### [Work instruction]
Go through the listing below and repeat it exactly, dropping the pictures.

### [Input data]

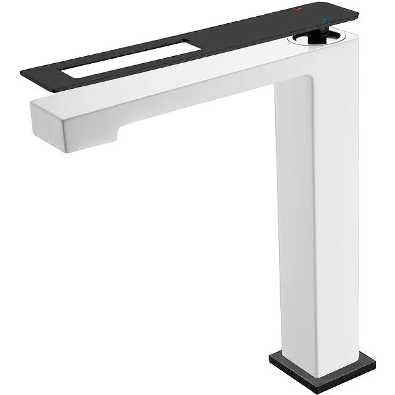 Смеситель для раковины Boheme Q 142-WB.Характеристики: Цвет: белый, черный. Материал: латунь. Управление: однорычажное. Механизм: керамический картридж. Излив: фиксированный. Стандарт подводки: G 1/2. Тип подводки: гибкая. Функция экономии расхода воды. Аэратор с функцией легкого очищения. Тип крепления: гайка. Монтаж: на раковину/на столешницу. В комплекте поставки: Смеситель для раковины. Гибкая подводка. Комплект креплений.
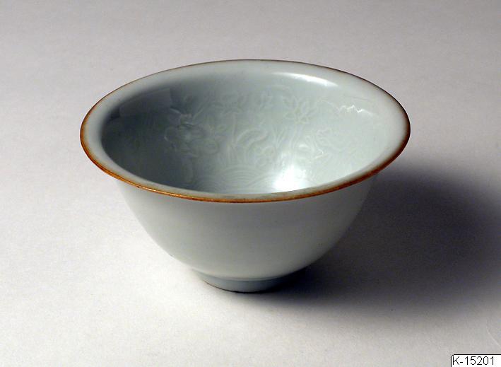 Från underskåp monter 19 i Tang-Ming-salen. Kopp av porslin med s.k. an hua-dekor på insidan av fåglar i lotusdamm. Brun kant. Höjd 5 cm, diam. 9,5 cm.
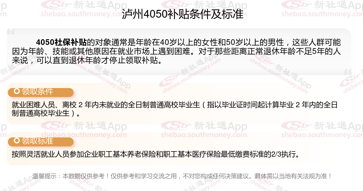 以上就是泸州4050灵活就业困难人员社保补贴的相关内容,欢迎关注新社通/下载新社通APP了解更多五险一金专业资讯。
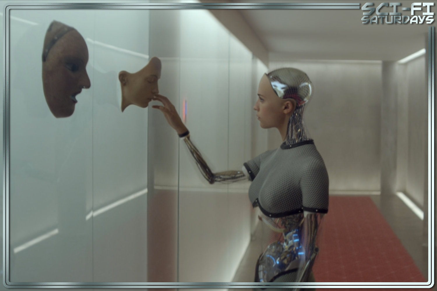 Computer programmer Caleb (Domhnall Gleeson), who works at the search engine Blue Book, wins a staff lottery that gives him a trip to the owner’s massive estate. He gets delivered by helicopter into a field in the middle of nowhere, with no cellular signal, and discovers a small modern house near the river. Inside, he meets Nathan (Oscar Isaac), CEO of Blue Book and a genius inventor, who tells Caleb that he was brought here to share in a research project. But first, Caleb must sign a non-disclosure agreement. Nathan tells Caleb he’s here to administer the Turing Test to a gynoid named Ava (Alicia Vikander). Caleb is escorted into an underground workspace and living quarters, where he can interview Ava through a plexiglass partition. She has a synthetic body, except for her feet, hands, and face, which are covered with what appears to be skin.

### [Result for this exercise]
 Смеситель для раковины Boheme Q 142-WB.Характеристики: Цвет: белый, черный. Материал: латунь. Управление: однорычажное. Механизм: керамический картридж. Излив: фиксированный. Стандарт подводки: G 1/2. Тип подводки: гибкая. Функция экономии расхода воды. Аэратор с функцией легкого очищения. Тип крепления: гайка. Монтаж: на раковину/на столешницу. В комплекте поставки: Смеситель для раковины. Гибкая подводка. Комплект креплений.
 Från underskåp monter 19 i Tang-Ming-salen. Kopp av porslin med s.k. an hua-dekor på insidan av fåglar i lotusdamm. Brun kant. Höjd 5 cm, diam. 9,5 cm.
 以上就是泸州4050灵活就业困难人员社保补贴的相关内容,欢迎关注新社通/下载新社通APP了解更多五险一金专业资讯。
 Computer programmer Caleb (Domhnall Gleeson), who works at the search engine Blue Book, wins a staff lottery that gives him a trip to the owner’s massive estate. He gets delivered by helicopter into a field in the middle of nowhere, with no cellular signal, and discovers a small modern house near the river. Inside, he meets Nathan (Oscar Isaac), CEO of Blue Book and a genius inventor, who tells Caleb that he was brought here to share in a research project. But first, Caleb must sign a non-disclosure agreement. Nathan tells Caleb he’s here to administer the Turing Test to a gynoid named Ava (Alicia Vikander). Caleb is escorted into an underground workspace and living quarters, where he can interview Ava through a plexiglass partition. She has a synthetic body, except for her feet, hands, and face, which are covered with what appears to be skin.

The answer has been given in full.